Налетело на огонь множество бабочек, жуков, все это стало кружиться возле лампы,
валиться на книгу, на шею, путаться и жужжать в волосах. Но закрыть дверь на
террасу было нельзя, потому что это был единственный вход, через который мог
явиться ожидаемый Ярик. Я, впрочем, не обращал внимания на бабочек и жуков:
книга была увлекательной, и шелковый ветерок, долетая из леса, приятно шумел. Я
и читал и слушал музыку леса.
Вдруг мне что-то показалось в уголку глаза. Я быстро поднял голову, и это
исчезло. Теперь я стал прилаживаться так читать, чтобы, не поднимая головы,
можно было наблюдать порог. Вскоре там показалось нечто рыжее, стало красться в
обход стола, и, я думаю, мышь слышней пробежала бы, чем это большое подползало
под диван. Только знакомое неровное дыхание подсказало мне, что Ярик был под
диваном и лежал как раз подо мной. Некоторое время я читаю и жду, но терпения у
меня хватило ненадолго. Встаю, выхожу на террасу и начинаю звать Ярика строгим
голосом и ласковым, громко и тихо, свистать и даже трубить. Так уверил я лежа
щего под диваном, что ничего не знаю о его возвращении. Потом я закрыл дверь от
бабочек и говорю вслух:
– Верно, Ярик уже не придет. Пора ужинать.

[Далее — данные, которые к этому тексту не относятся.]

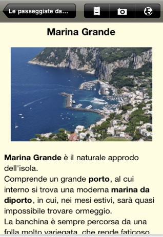 • Le passeggiate da Capri (con testi, foto e video): Marina Grande, La Piazzetta, La Certosa e la Via Krupp, I Faraglioni e Villa Malaparte, Villa Jovis e Villa Lysis, Marina Piccola.
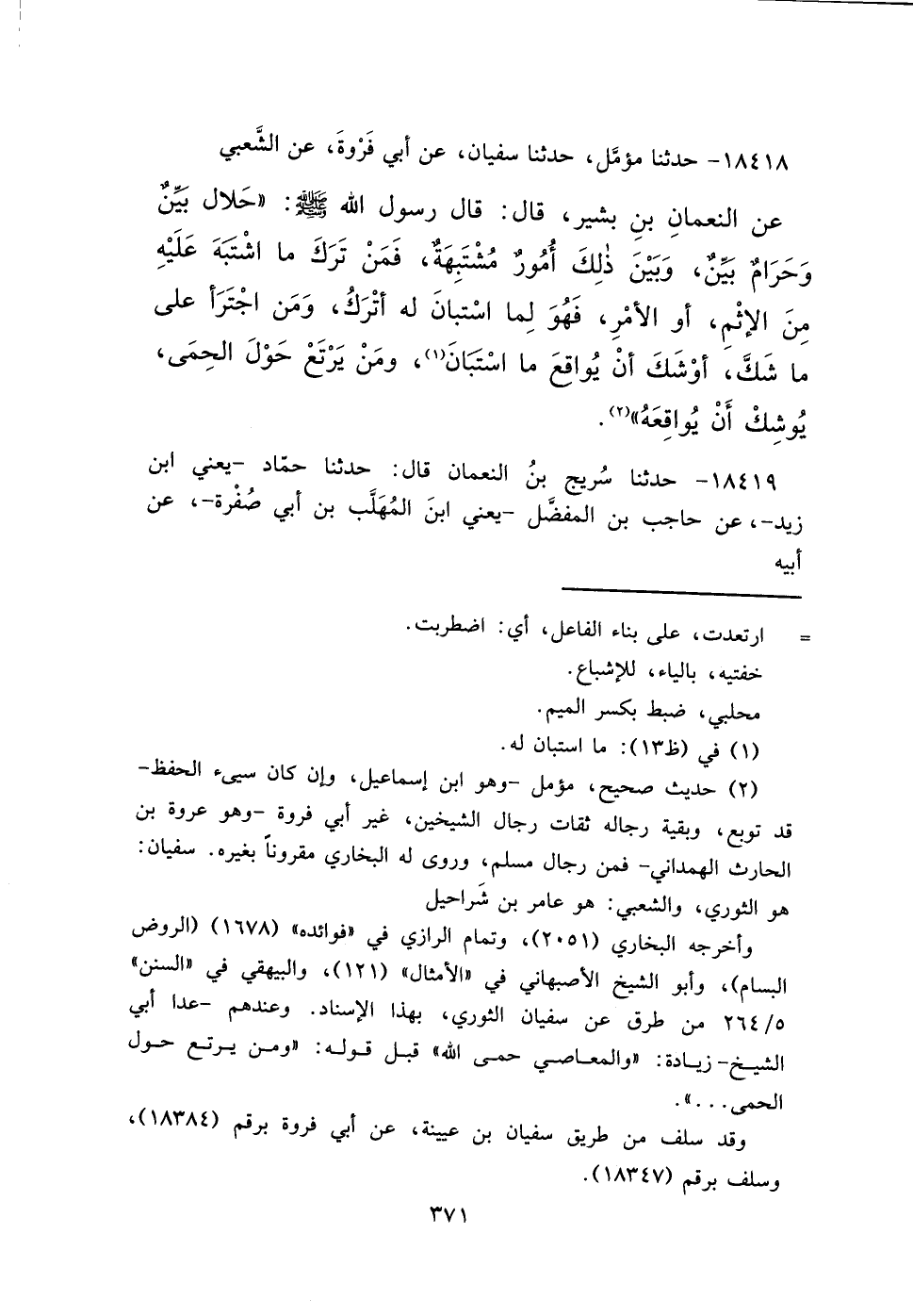 ١٨٤١٨ - حَدَّثَنَا مُؤَمَّلٌ، حَدَّثَنَا سُفْيَانُ، عَنْ أَبِي فَرْوَةَ، عَنِ الشَّعْبِيِّ، عَنْ النُّعْمَانِ بْنِ بَشِيرٍ، قَالَ: قَالَ رَسُولُ اللهِ صَلَّى اللهُ عَلَيْهِ وَسَلَّمَ: " حَلَالٌ بَيِّنٌ، وَحَرَامٌ بَيِّنٌ، وَبَيْنَ ذَلِكَ أُمُورٌ مُشْتَبِهَةٌ، فَمَنْ تَرَكَ مَا اشْتَبَهَ عَلَيْهِ مِنَ الْإِثْمِ، أَوِ الْأَمْرِ، فَهُوَ لِمَا اسْتَبَانَ لَهُ أَتْرَكُ، وَمَنِ اجْتَرَأَ عَلَى مَا شَكَّ، أَوْشَكَ أَنْ يُوَاقِعَ مَا اسْتَبَانَ (١) ، وَمَنْ يَرْتَعْ حَوْلَ الْحِمَى، يُوشِكْ أَنْ يُوَاقِعَهُ " (٢)
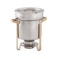 Top-Shelf™ Chafing Dish Soup Station, 7 qt., 13" x 11", round, pull-top cover, dripless water pan, food pan, & single drop-in fuel holders, stainless steel, gold accents
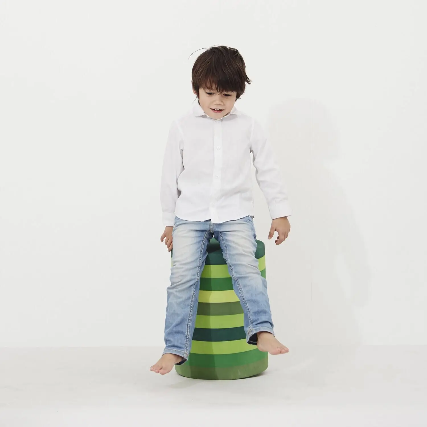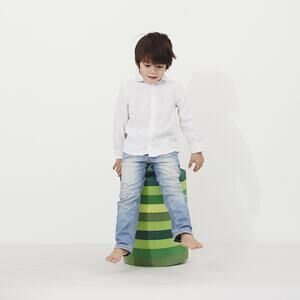 Denne cylinderformede tumlemøbel i nuancer af grøn har en rund bund, der sætter gang i bevægelsen. Når dit barn sidder, vipper eller balancerer på Orm, styrkes ryggen og holdningen naturligt gennem leg. Designet inviterer til aktiv brug, hvor kroppen konstant justerer balancen.
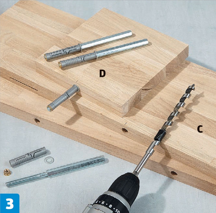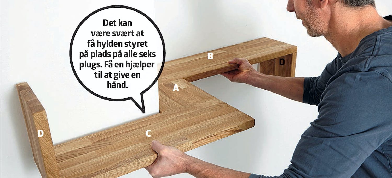 Når olien er tør, skal hylden hænges op. Først mærker vi op til ophænget. Brug et vaterpas, når du skal hænge op. Metalgevindet skrues fast i plastikpluggen, og på den måde ekspanderer pluggen i hullet. Når alle plugs er på plads, kan du hænge hylden op. Vi bruger i alt seks plugs til at sætte hylden fast. To i de lange stykker (B + C) og én i hver af de korte endestykker (D).
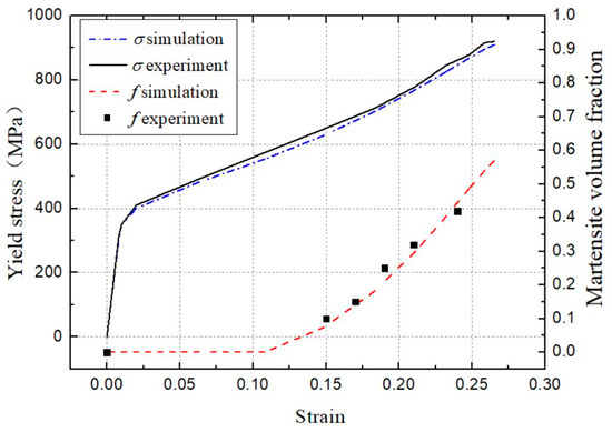 where denotes the strain hardening effect which is expressed as an exponential function of the equivalent plastic strain; denotes the martensite transformation hardening effect which is an function of the martensite volume fraction; is the initial yield stress of 301LN steel; , a and n are the material parameters; denotes the martensitic transformation hardening modulus.
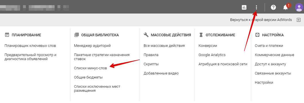 Перейти к настройке списков минус-слов можно через меню в правом верхнем углу экрана, и найдя там Общую библиотеку.
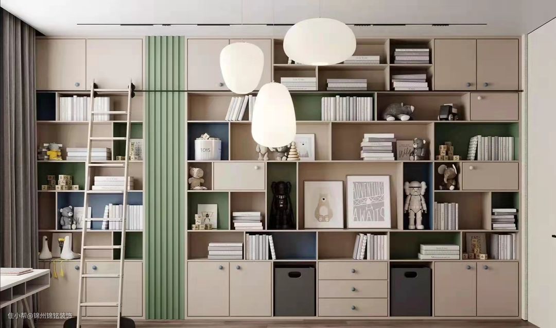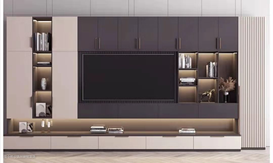 增加收纳空间,一整面墙设计,收纳空间大几倍!柜子采用无拉手设计,更加简洁大气不会压抑。电视柜和书柜组合设计,节省空间,同时方便在客厅阅读习惯。电视柜设计采用二八原则,80%有门板遮挡,20%开放式设计,可以摆放一些装饰品,这样显得美观,不会有凌乱感,如果整个电视柜都是开放式的话,后期摆放东西会显得很乱的。
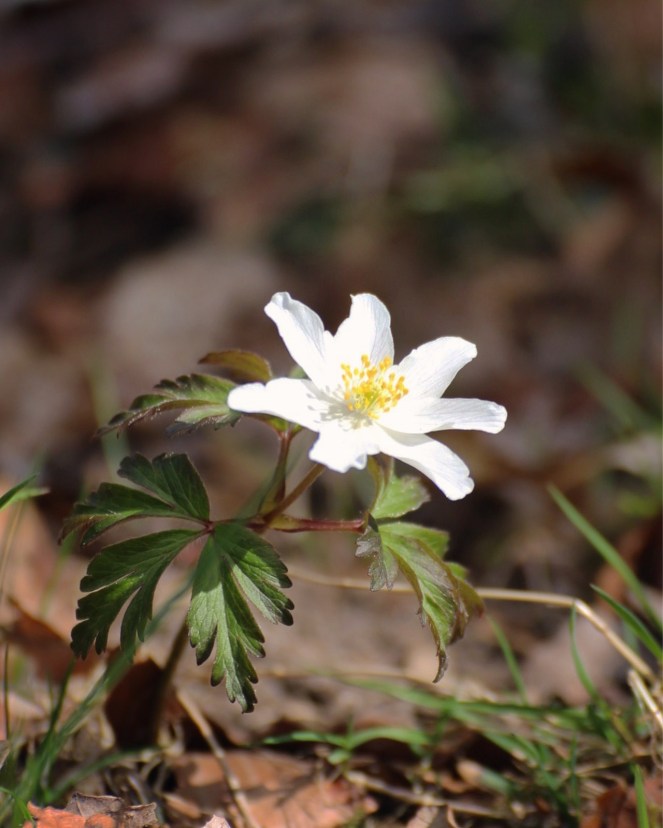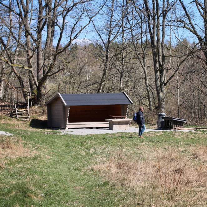 Efter en stunds stillhet vandrar vi vidare. Nu hör vi storlommens vackra men sorgsna rop över sjön. Vidare genom en vitsippebacke. Och så kommer vi till ett vindskydd och en grillplats där det enligt kartan, i min bok om Blekingeleden, också ska finnas någon form av toalett eller torrdass. Men det gör det inte.

Слово "ужинать" Ярик знает отлично. Но мне показалось, что после моих слов под
диваном прекратилось даже дыхание.
В моем охотничьем столе лежит запас копченой колбасы, которая чем больше сохнет,
тем становится вкуснее. Я очень люблю сухую охотничью колбасу и всегда ем ее
вместе с Яриком. Бывало, мне довольно только ящиком шевельнуть, чтобы Ярик,
спящий колечком, развернулся, как стальная пружина, и подбежал к столу, сверкая
огненным взглядом.
Я выдвинул ящик – из-под дивана ни звука. Раздвигаю колени, смотрю вниз – нет ли
там на полу рыжего носа. Нет, носа не видно. Режу кусочек, громко жую, заглядываю – нет, хвост не молотит. Начинаю опасаться, не показалась ли мне рыжая
тень от сильного ожидания и Ярика вовсе и нет под диваном. Трудно думать, чтобы
он, виноватый, не соблазнился даже колбасой – ведь он так любит ее. Если я,
бывало, возьму кусочек, надрежу, задеру шкурку, чтобы можно было за кончик ее
держаться пальцами и кусочек ее висел бы, как на нитке, то Ярик задерет нос
вверх, стережет долго и вдруг прыгнет. Но мало того: если я успею во время
прыжка отдернуть вверх руку с колбасой, то Ярик так и остается на задних ногах,
как человек. Я иду с колбасой, а Ярик идет за мной на двух ногах, опустив
передние лапы, как руки, и так мы обходим комнату и раз, и два, и даже больше. Я
надеюсь в будущем посредством колбасы вообще приучить ходить его по-человечески
и когда-нибудь во время городского гулянья появиться так под руку с рыжим
хвостатым товарищем.
И так вот, зная, как Ярик любит колбасу, я не могу допустить, чтобы он был под
диваном. Делаю последний опыт, бросаю вниз не кусочек, а только шкурку и наблюдаю. Но как внимательно я ни смотрю, ничего не могу заметить: шкурка исчезла как
будто сама по себе. В другой раз я все-таки добился: видел, как мелькнул язычок.
Ярик тут, под диваном.
Теперь я отрезаю от колбасы круглый конец с носиком, привязываю нитку за носик и
тихонечко спускаю вниз между коленками. Язык показался. Я потянул за нитку– язык скрылся. Переждав немного, спускаю опять – теперь показался нос, потом
лапы.
Больше нечего в прятки играть: я вижу его и он меня видит. Поднимаю выше кусочек, Ярик поднимается на задние лапы.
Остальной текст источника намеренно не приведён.